Romney Criticizes Obama But Seizes On Anonymous Quotes Too
Mitt Romney and his campaign today have been chiding the Obama forces for "adopting the comments made by people who are unnamed." But the record shows the presumptive GOP presidential nominee regularly engages in the practice, too.
Romney, in an interview with NBC News, rebuked Democrats for seizing on comments that criticized President Obama made anonymously by two of Romney's advisers to the U.K.'s Daily Telegraph. One adviser is quoted as saying Obama doesn't fully appreciate "Anglo-Saxon heritage." ( More HERE .)
"I'm generally not enthusiastic about - adopting the comments made by people who are unnamed," Romney told NBC.

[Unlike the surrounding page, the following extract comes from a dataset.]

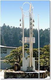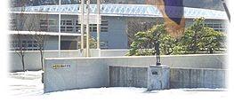 このモニュメントは、本校創立50周年記念事業により、本校のシンボルとして和風と洋風の調和を基盤に建立されたものです。

Earlier in the day, Romney spokesman Ryan Williams used stronger language. He said Vice President Joe Biden had "diminished" the nation's highest office by criticizing Romney over "an anonymous and false quote from a foreign newspaper to prop up their flailing campaign."
But Romney himself - and his wife, Ann - regularly blast Obama for a quote in an August 2011 Politico story attributed to a "prominent Democratic strategist aligned with the White House." The anonymous strategist is quoted as saying Obama's strategy is to "kill Romney."
"Early on we heard what their strategy was. It was kill Romney," Ann Romney said in an interview with CBS earlier this month, alluding to the quote. "That was their memo that came out from … their campaign…"
Romney, in an interview with ABC's Jonathan Karl this month, also invoked the anonymous quote. "There was a report that they said that their campaign would be based upon a strategy of 'kill Romney' end of quote and that is what they are trying to do as opposed to talking about what is the right direction for this country," he said.
The Obama campaign has long disavowed the anonymous quote on strategy that appeared in the Politico piece - a spokesman saying the unnamed person "does not speak for the campaign" - just as Romney and his campaign now disavow the hit on Obama's understanding of heritage ahead of the overseas trip.
"I don't agree with whoever that advisor might be," Romney said today. "But I do agree that we have a very common bond between ourselves and Great Britain."
The use of anonymous quotes as political tools can cut both ways.